Understanding both is necessary in our quest to get clear on the thinking that scares us, the behaviors that keep us locked in anxiety, and in changing that thinking and those behaviors. Let’s wade in…

Indirect Self-Hate 1

Indirect self-hate

Indirect Self-Hate can be summarized with 2 basic elements:

Illusions (of one kind or another)
Impossible Standards

Illusions. Illusions, when they are part of story-telling or movie-making, can be brilliant things. They can add reality and dimension, making unreal things look real. That’s outstanding if you’re watching a Star Wars classic. It isn’t, however, so useful when it comes to living life in a healthy and nurturing fashion…

To talk in a helpful way about illusion we first have to get clear WHY in the first place we started generating illusions about life. Illusions serve as self-comforting, self-protective shields in the face of a life or set of experiences that are punishing, even intolerable (especially when we are young, and first learning to deal with the world.)

Illusions buffer us from our world. In the learning about how to cope with the world and other people in the world – the reason self-hate comes into existence in the first place – we can learn that the world is confusing, irrational, unsafe, dangerous, very, very risky.

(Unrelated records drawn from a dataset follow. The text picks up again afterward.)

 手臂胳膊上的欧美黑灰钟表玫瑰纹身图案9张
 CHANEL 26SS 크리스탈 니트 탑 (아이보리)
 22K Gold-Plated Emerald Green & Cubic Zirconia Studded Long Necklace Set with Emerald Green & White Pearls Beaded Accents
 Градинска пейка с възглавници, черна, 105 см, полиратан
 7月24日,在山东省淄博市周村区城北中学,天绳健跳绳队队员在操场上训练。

Illusion can give us some breathing room to cope with that pressure and fear.

From that perspective it might be argued that illusion can serve a useful purpose. I won’t argue with that – at least at the beginning. The problem comes when we get to adulthood, get away (hopefully) from that terrible context/situation, and go live in the world ourselves.

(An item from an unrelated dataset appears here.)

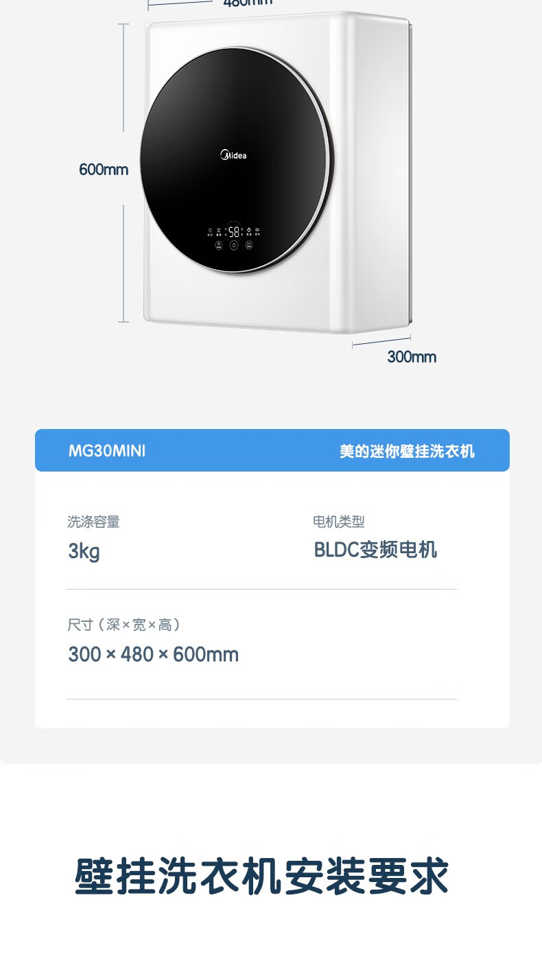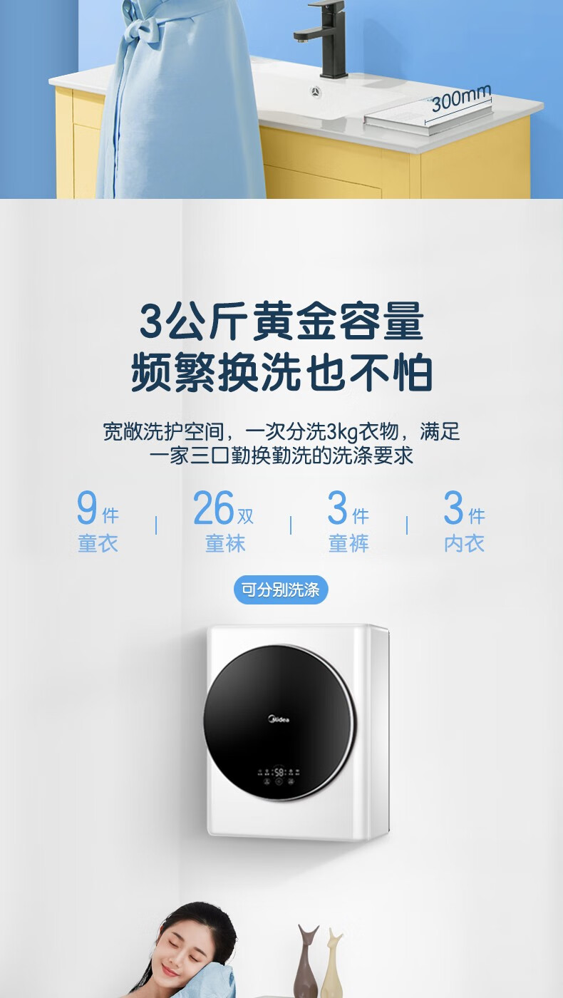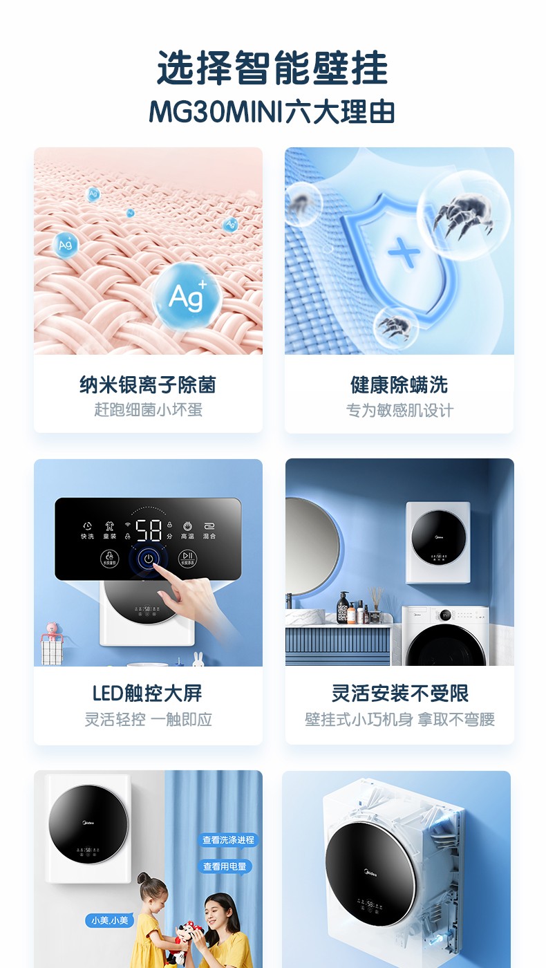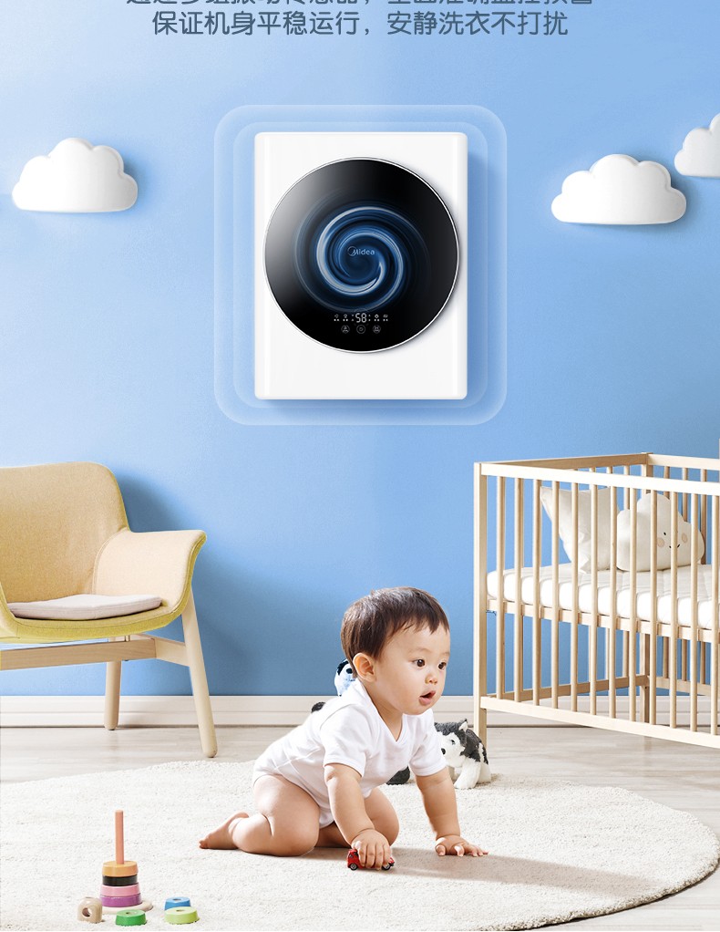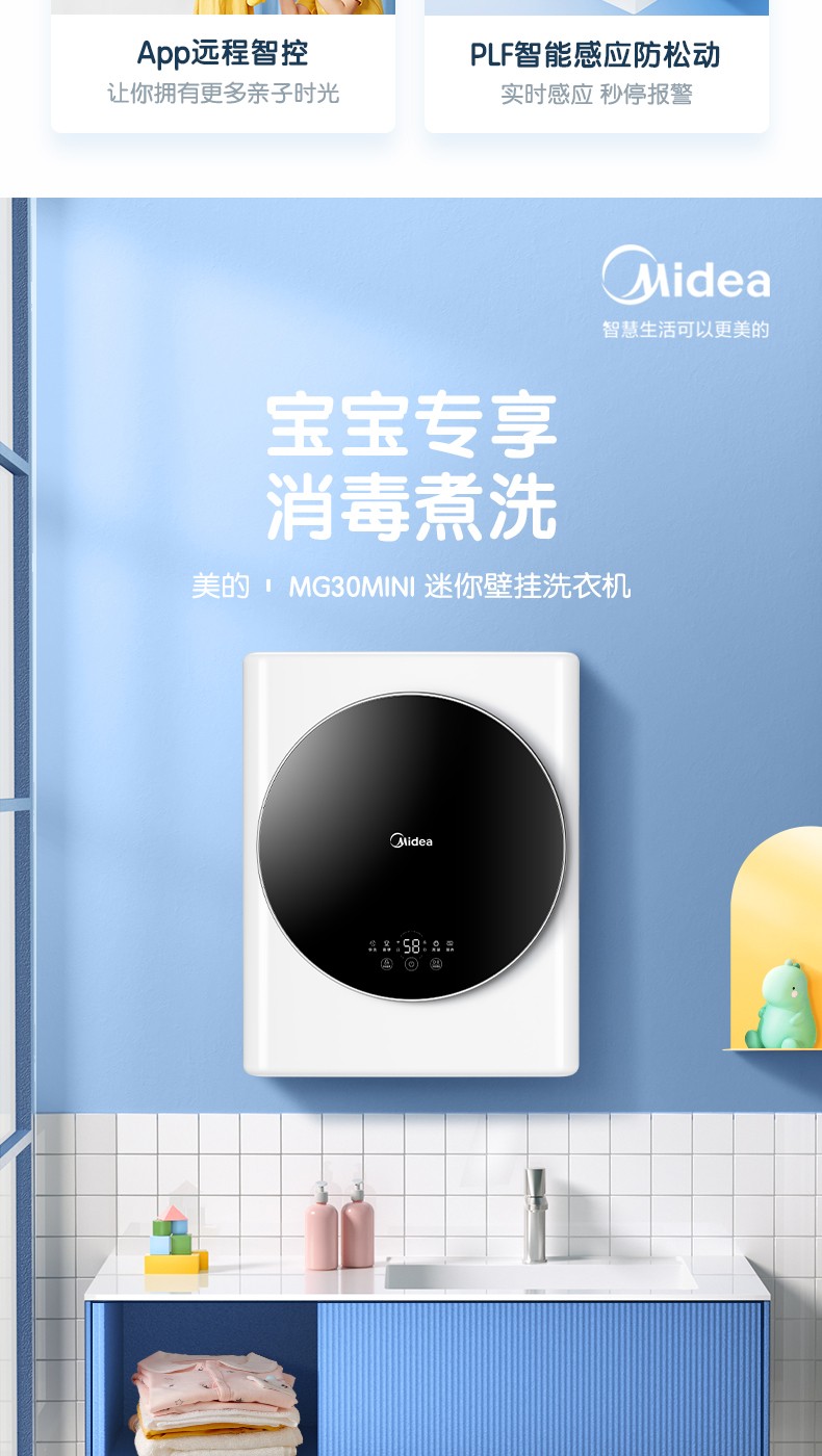 美的 MG30MINI 壁挂洗衣机 3KG迷你滚筒洗衣机全自动 智能家电内衣婴儿洗衣机

So understand that we didn’t set OUT to generate and live in illusions – we did it because we needed some mental and emotional distance from the situation we were in at the time.

Kinds of Illusion

What kind of illusions are we talking about? Let’s start with the illusions we weave around ourselves. One illusion is that we are dependent people – that we can’t take care of ourselves. Weirdly enough this illusion can provide a feeling of safety. We default to other people in the having to manage the world thing, while we retreat behind our helplessness and supposed inability to cope.

This keeps us from taking responsibility for facing our fears – and embracing our dreams. Another illusion that we create for ourselves is that we only exist to make other people happy. Our whole mission in life is to take care of parents, children, husbands or wives, sick friends, our patients, our fellow church attenders – whatever we’ve decided is our sole life focus.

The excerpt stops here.